Some new year good news: Many of the major New York City banks that stopped issuing credit cards will soon begin embossing names on plastic again. And some new year bad news: The charge for borrowed money will be a shade under 20 percent instead of 12 percent.
For users of "plastic money," the new year brings bittersweet news: Credit is available, but it won't come cheap. Not only will borrowers on credit face steeply rising rates, but they also will be charged a $15 annual fee.
Behind the change in rates is a new credit law in New York state which allows the banks to raise the rates they charge to a new maximum of 25 percent. Under the old law, banks could charge 18 percent for the first $500 worth of borrowing and 12 percent on the rest.
The New York banks' moves, says a spokesman for the American Banker Association, may foreshadow a trend nationally toward higher intrest rates on credit cards and revolving lines of credit. "The New York situation is not unlike a lot of other states," says the ABA official, noting that "quite a few states will be considering raising the consumer usury ceiling this coming year." Among those states are Iowa, Michigan, Mississippi, Montana, New Mexico, North Carolina, Oregon, Rhode Island, Tennessee, Utah, Washington, and Wisconsin. Last year about 50 percent of the states raised their usury ceilings, but many imposed a two-year sunset period, hoping rates would fall.
In spite of the rising rates, the bankers expect to seee more people borrow. "We expect our outstandings to grow substantially as more credit is made available," says Marion Bestani, a spokeswoman for Chase Manhattan Bank which is raising its rates to 18 percent. She adds, "The demand is there, we just haven't been able to meet it because of the old interest rate ceilings."
However, a spokeswoman for Citibank says the bank expects to see some attrition. The bank has moved have tacked on $15 annual membership feeS.
One of the impacts of these higher rates, says Sandra Shaber, senior economist for Chase Econometrics, the economic forecasting department of Chase Manhattan Bank, "is going to be a general weakening of the economy and pressure on household purchasing power." Ms. Shaber notes "it will be interesting to see how the consumer reacts this time, since last spring when credit restrictions are imposed it reacted all out of proportion."
The consumer probably can't expect any immediate relief from the higher rates either. "You have to price for the longer term," says Charles C. Lehing, senior vice-president, metropolitan division, for Chemical Bank, "and if you start to change the structure, you confuse the consumer."

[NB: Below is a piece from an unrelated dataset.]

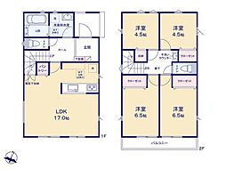 | 間取り | 4LDK 間取り内訳:リビングダイニングキッチン 15.8帖(1階)・洋室 6.8帖(2階)・洋室 5.3帖(2階)・洋室 5.3帖(2階)・洋室 4.5帖(2階) |

In New York state it is possible the consumer is feeling confused anyway because of the differences between the banks. Citicorp, with the largest number of cardholders, has a rate 1.8 percent higher than the other New York banks. Richard Cain, president of Citicorp Credit Services Inc., says the bank made its pricing decision based on what it projects the cost of money wil be in 1981, the ranges charged by banks around the country, and what the consumer considers a fair price for services offered.
In its analysis of interest-rate ranges around the country, Citicorp found that some banks in California were charging as much as 21 percent, some Missouri were 22 percent, one bank in Oklahoma was at 24 percent, and many were still at 12 percent.
Mr. Cain says that the bank decided that it wouldn't be able to make money on the cards at 18 percent if interest rates remain hihg. In 1980, for example, the average costs and 3 percent for bad loans. The end result was red ink.
For Citicorp this year, says Mr. Cain, this will mean a pretax loss of over $ 100 million. Most other banks had similar experiences although their losses were probably smaller. In order for the bank to make money -- even at its new pricing -- Mr. Cain says interest rates must fall below 12 percent. "For the other banks to make money at their rates," says Mr. Cain, "they have to be expecting a 10 percent level."
Mr. Lehing of Chemical Bank says there are other reasons why Citicorp has higher rates. He cites the fact that the bank has a national operation. At 18 percent, he says, Chemical Bank, "hopes to make a profit." Still other bankers say Citibank has a higher loan loss rate than most other banks.
In order to get the New York State Legislature to raise the usury ceilings, the banks had to threaten to pull their credit operations out of the state. Citicorp, in fact, made arrangements to move 300 to 400 jobs and its card division's headquarters to Sioux Falls, S.D., which had raised its usury rates to get the Citicorp jobs. Over the next three to four years the bank expects to move 2,000 jobs to South Dakota. Chase is considering moving its credit operations to Wilmington, Del., although the move would encompass fewer jobs. Chemical Bank says it has no immediate plans to move its operations.